D&E Entertainment is a worldwide independent theatrical film distribution and marketing company founded in 2005 by film and music industry executives Doug Kluthe and Evan Saxon.  The Los Angeles based company theatrically distributes and markets films via digital digitization and distribution of High Definition content for digital cinemas globally in a limited release.  

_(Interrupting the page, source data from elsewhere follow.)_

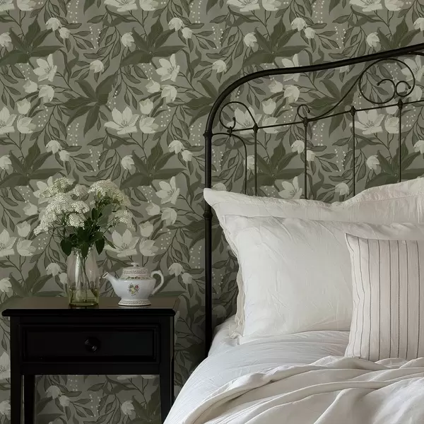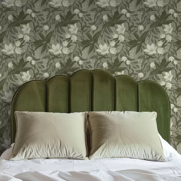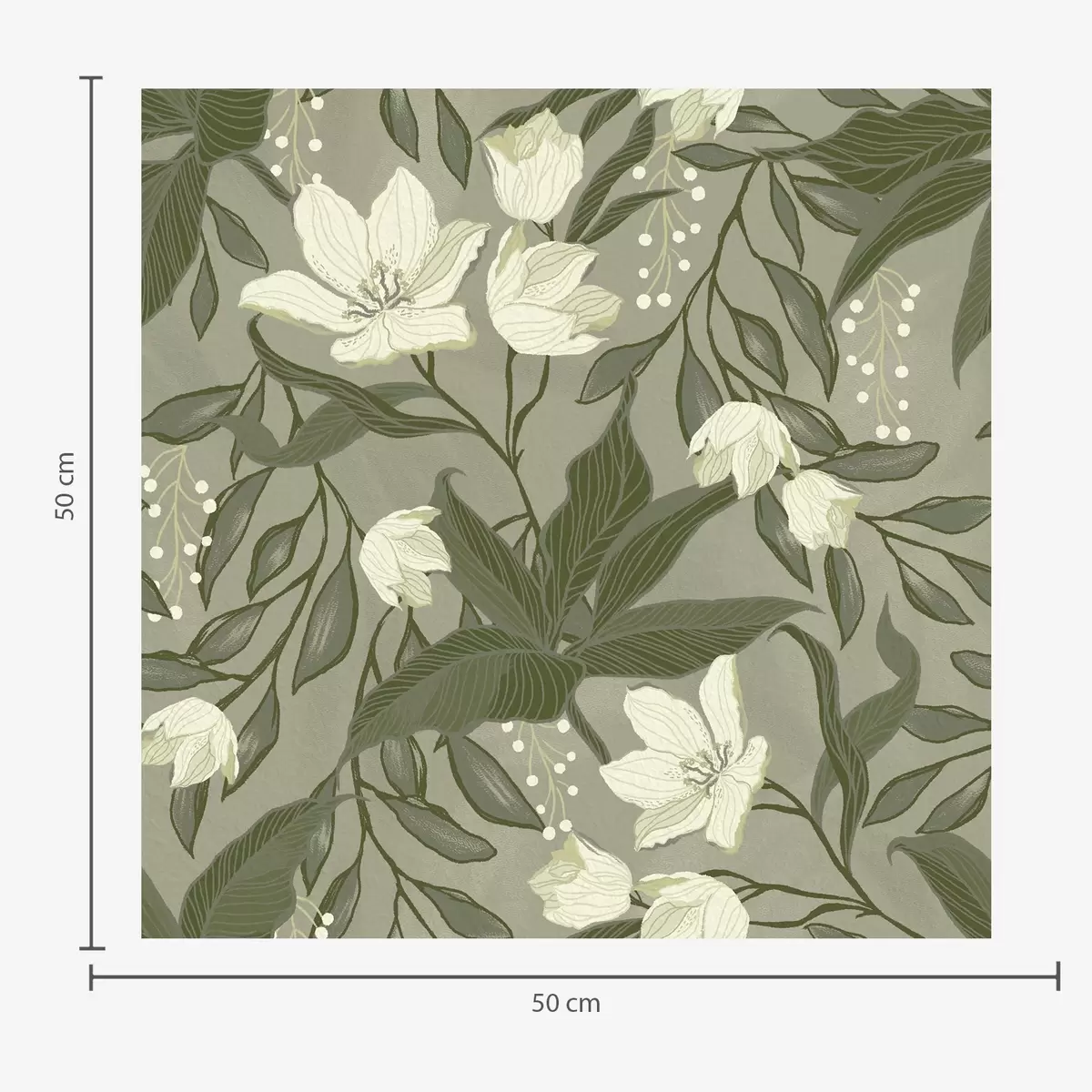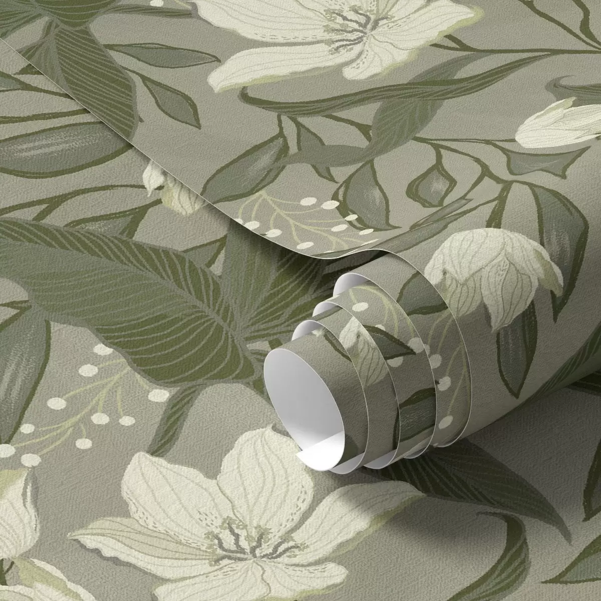 Carta da parati Gigli pallidi e fogliame su sfondo grigio-oliva Nr. a00854
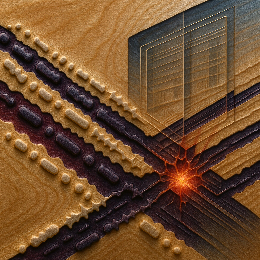 **There Was Never A Minus, Only Interleaved Nows** I wanted to make the instant undeniable: reflex and algorithm already share a single tendon. I built interleaved panes of dream‑glass that overwrite
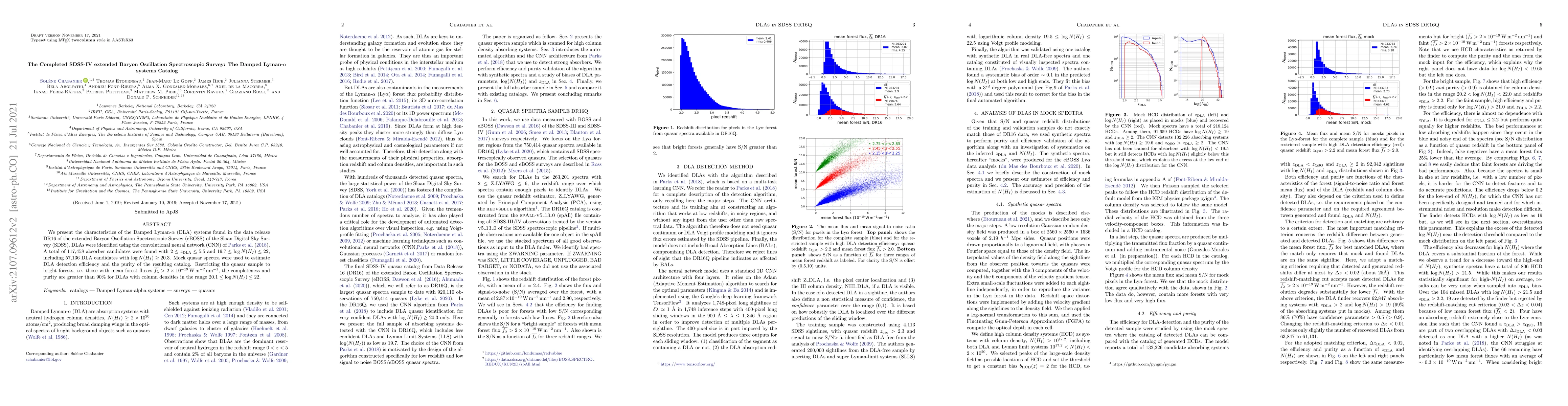 This paper presents the characteristics of Damped Lyman-$\alpha$ (DLA) systems identified in the SDSS-IV eBOSS survey using a convolutional neural network. The catalog includes 117,458 absorber candidates, with high completeness and purity (>90%) for DLAs with column densities $\lognhi \geq 20.1$.

In June 2010, D&E Entertainment released Rush: Beyond the Lighted Stage in over 100 digital cinemas across the United States.  The film was nominated for a 2011 Grammy Award for Best Long Form Music Video.  Most recent film releases include the 2010 documentary film Last Play at Shea centered on Billy Joel's 2008 final performance at Shea Stadium, before it was demolished and replaced by Citi Field.  The film premiered at the 2010 Tribeca Film Festival.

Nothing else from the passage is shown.